▸ What to do: Restate the full listing word for word and leave the pictures out.

▸ Data section:
· · · ·

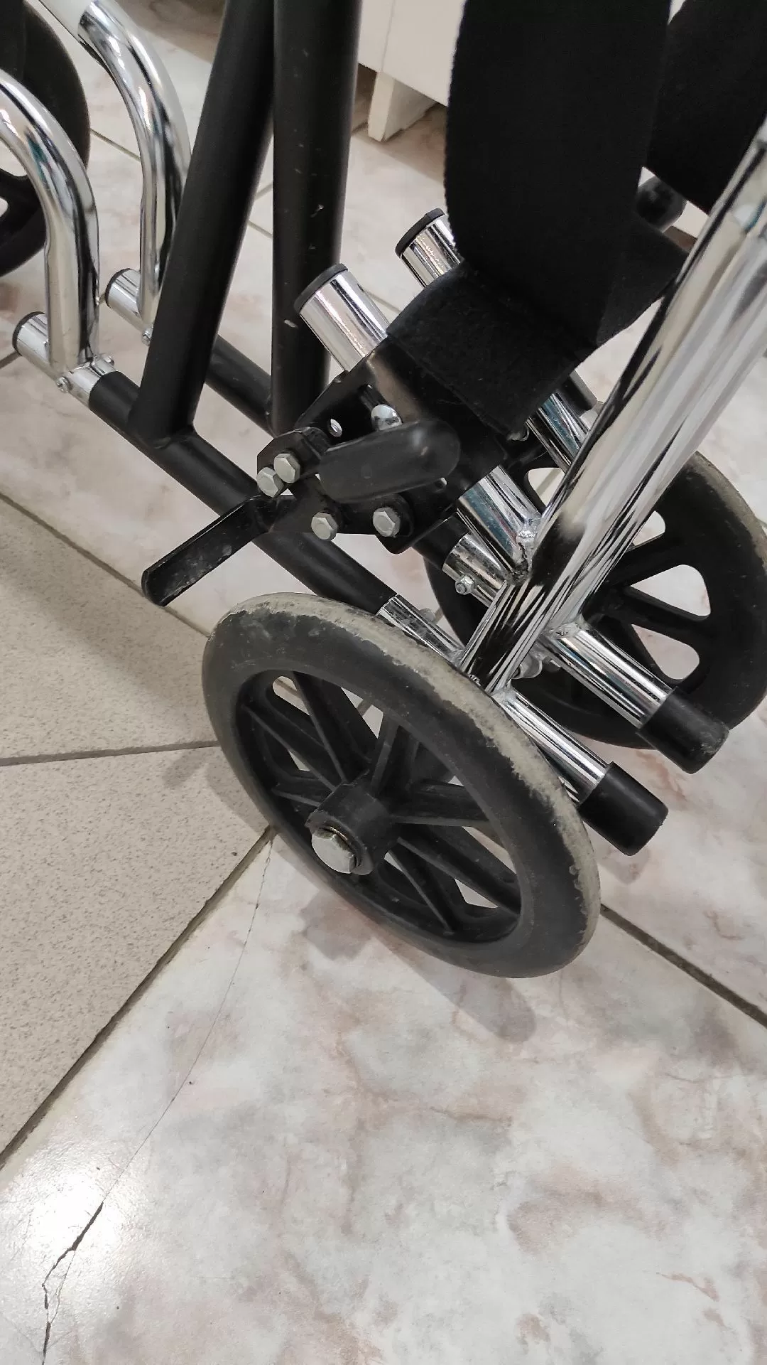 Цельнолитые колеса позволяют с комфортом перемещаться в помещении. Фиксируется положение с помощью стояночного тормоза. Для удобства пересаживания подножки поворачиваются и снимаются. Подлокотники фиксированные с мягкими накладками, и на них удобно опираться. Спинка складывается с помощью рычагов, что освобождает доступ к спине пациента. Рама тоже складная, поэтому каталку получится убрать очень быстро.
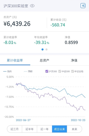 个人实盘来看,【沪深300实验室】上周一(10.17)定投 500元,累计收益率-8.01%。
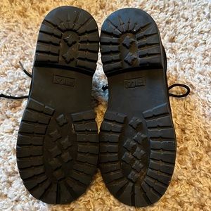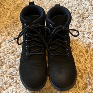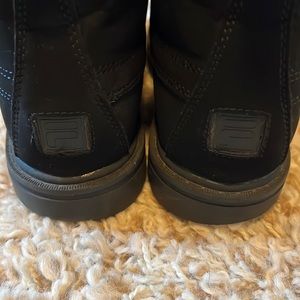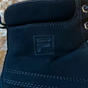 Kids Fila synthetic suede-feel black workboots in good used condition. Suede outer with padded ankle collar and rubber lug soles. Worn on and off for one year, uppers are still in excellent condition, no stains or rips. One lace end is missing an aglet (see last image) and soles have minor wear to the heels. These are still in great condition with a lot of life left Please examine all images.
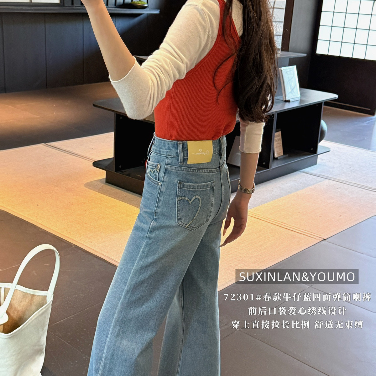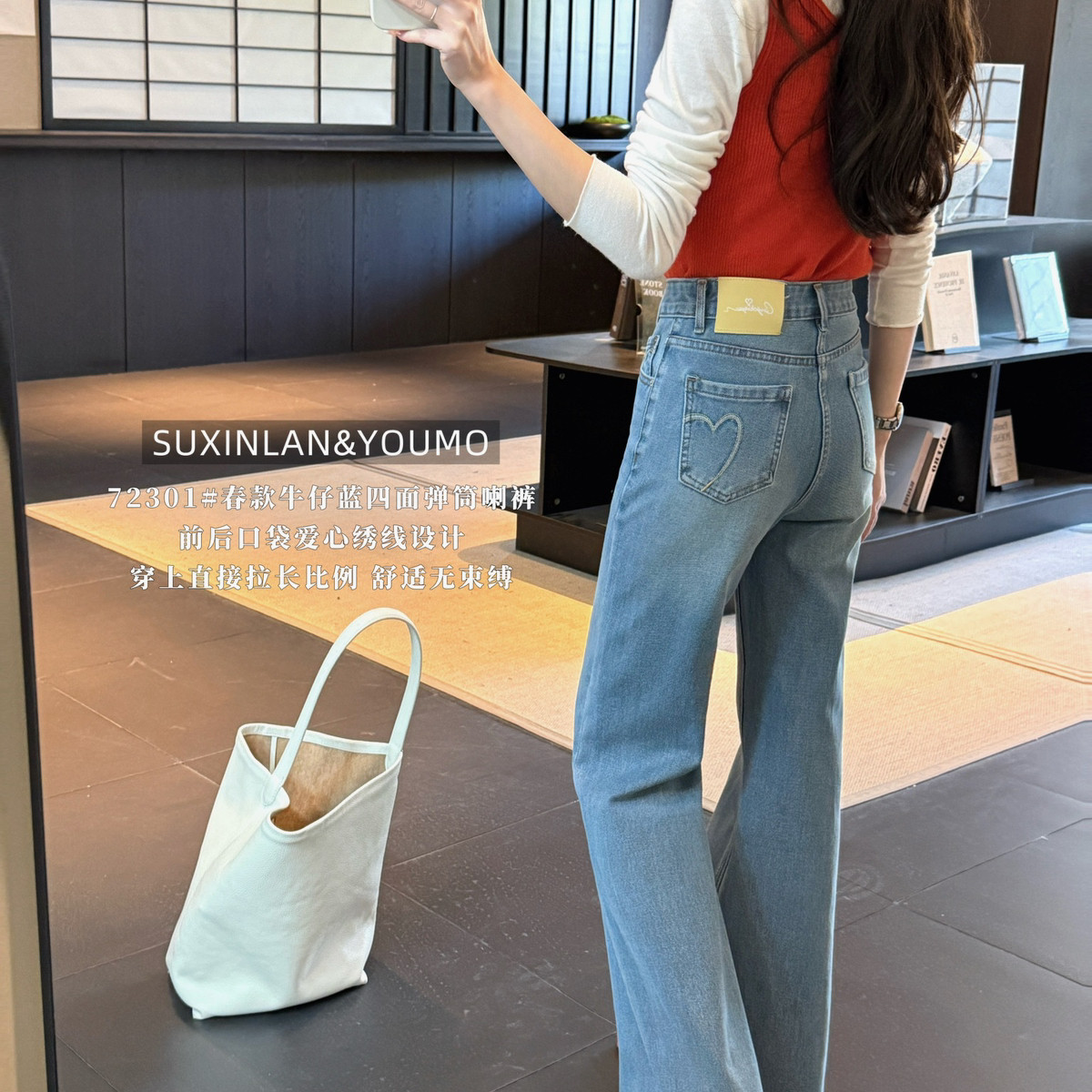 素心兰/YOUMO-气质四面弹百搭筒喇裤爱心印胶设计特色时尚牛仔裤

· · · ·

▸ Solution to this task:
 Цельнолитые колеса позволяют с комфортом перемещаться в помещении. Фиксируется положение с помощью стояночного тормоза. Для удобства пересаживания подножки поворачиваются и снимаются. Подлокотники фиксированные с мягкими накладками, и на них удобно опираться. Спинка складывается с помощью рычагов, что освобождает доступ к спине пациента. Рама тоже складная, поэтому каталку получится убрать очень быстро.
 个人实盘来看,【沪深300实验室】上周一(10.17)定投 500元,累计收益率-8.01%。
 Kids Fila synthetic suede-feel black workboots in good used condition. Suede outer with padded ankle collar and rubber lug soles. Worn on and off for one year, uppers are still in excellent condition, no stains or rips. One lace end is missing an aglet (see last image) and soles have minor wear to the heels. These are still in great condition with a lot of life left Please examine all images.
 素心兰/YOUMO-气质四面弹百搭筒喇裤爱心印胶设计特色时尚牛仔裤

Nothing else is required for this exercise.